Check the Conversion Log
Open the conversion log file to see more info about the Delta Lake to Iceberg conversion, including the timestamp of the most recent conversion and any error details.
Verify File Location
If your table is in another data item type, such as a warehouse, database, or mirrored database, you will need to use a client like Azure Storage Explorer or OneLake File Explorer, rather than the Fabric UI, to view the files behind the table.
Confirm Metadata Generation
Look for the metadata directory inside your table folder. It should contain multiple files including .metadata.json files with version numbers.
Does OneLake Iceberg virtualization duplicate my data?

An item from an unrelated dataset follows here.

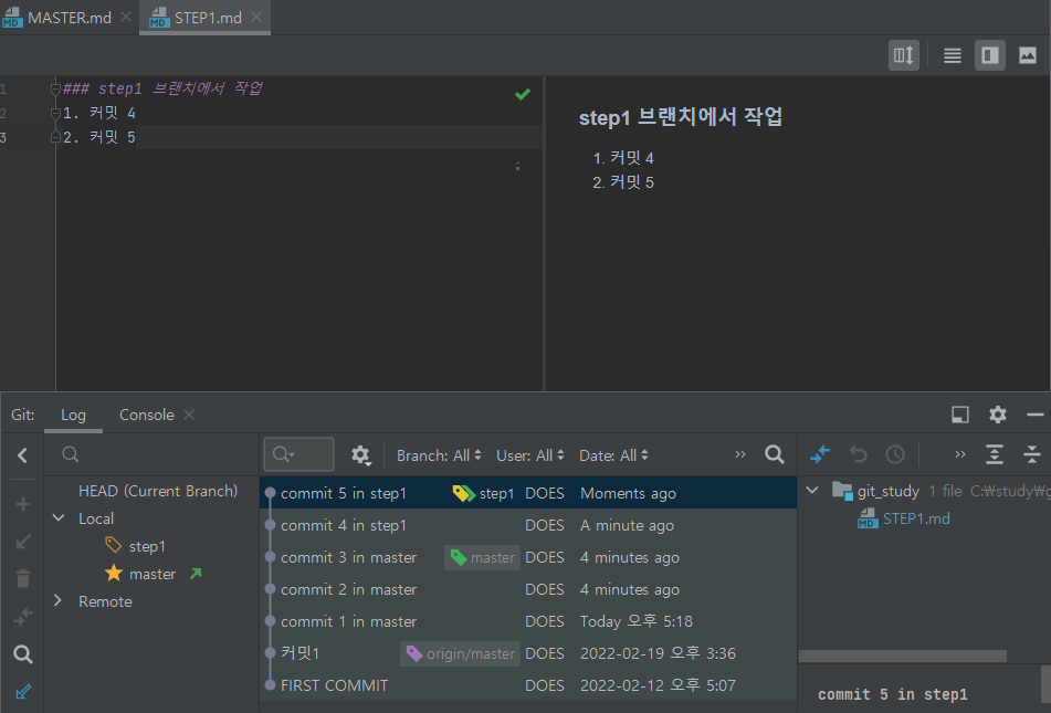 이제 브랜치를 하나 더 생성해서 그 브랜치에서 다른 파일 작업을 해야 한다고 가정하자. 'step1' 브랜치를 생성하고 거기서 커밋 2개를 남겨보겠다.

No. Virtualization only generates metadata files. Your underlying Parquet data files remain in one location. External engines read the same physical data through different metadata protocols.
Which engines can read OneLake tables as Iceberg?
While Microsoft provides guidance for using Iceberg tables with Snowflake, this feature is intended to work with any Iceberg tables with Parquet-formatted data files in storage. This includes Databricks, Apache Spark, Trino, Presto, and other Iceberg-compatible engines.
Do I need to modify my existing Delta Lake tables?
No code changes are required. Once you enable the workspace setting, existing Delta tables automatically receive Iceberg metadata.
How quickly does the Iceberg metadata update after Delta table changes?
The conversion happens automatically when tables are created or modified. Check the conversion log file timestamp to verify the most recent conversion.
Can I write to the same table from both Fabric and Snowflake?
Yes. Iceberg's metadata structure, versioning, and concurrency model allow multiple engines to read and write the same tables without conflict.
What if my organization uses multiple Fabric workspaces?
You must enable the virtualization setting in each workspace where you want Delta-to-Iceberg conversion active.
Microsoft Fabric's OneLake virtualization eliminates format wars between Delta Lake and Apache Iceberg. By enabling a single workspace toggle, your Delta tables become instantly accessible to Snowflake, Databricks, and any Iceberg-compatible analytics engine.
Key takeaways:
The unified lakehouse is no longer a dream. It is a workspace toggle away.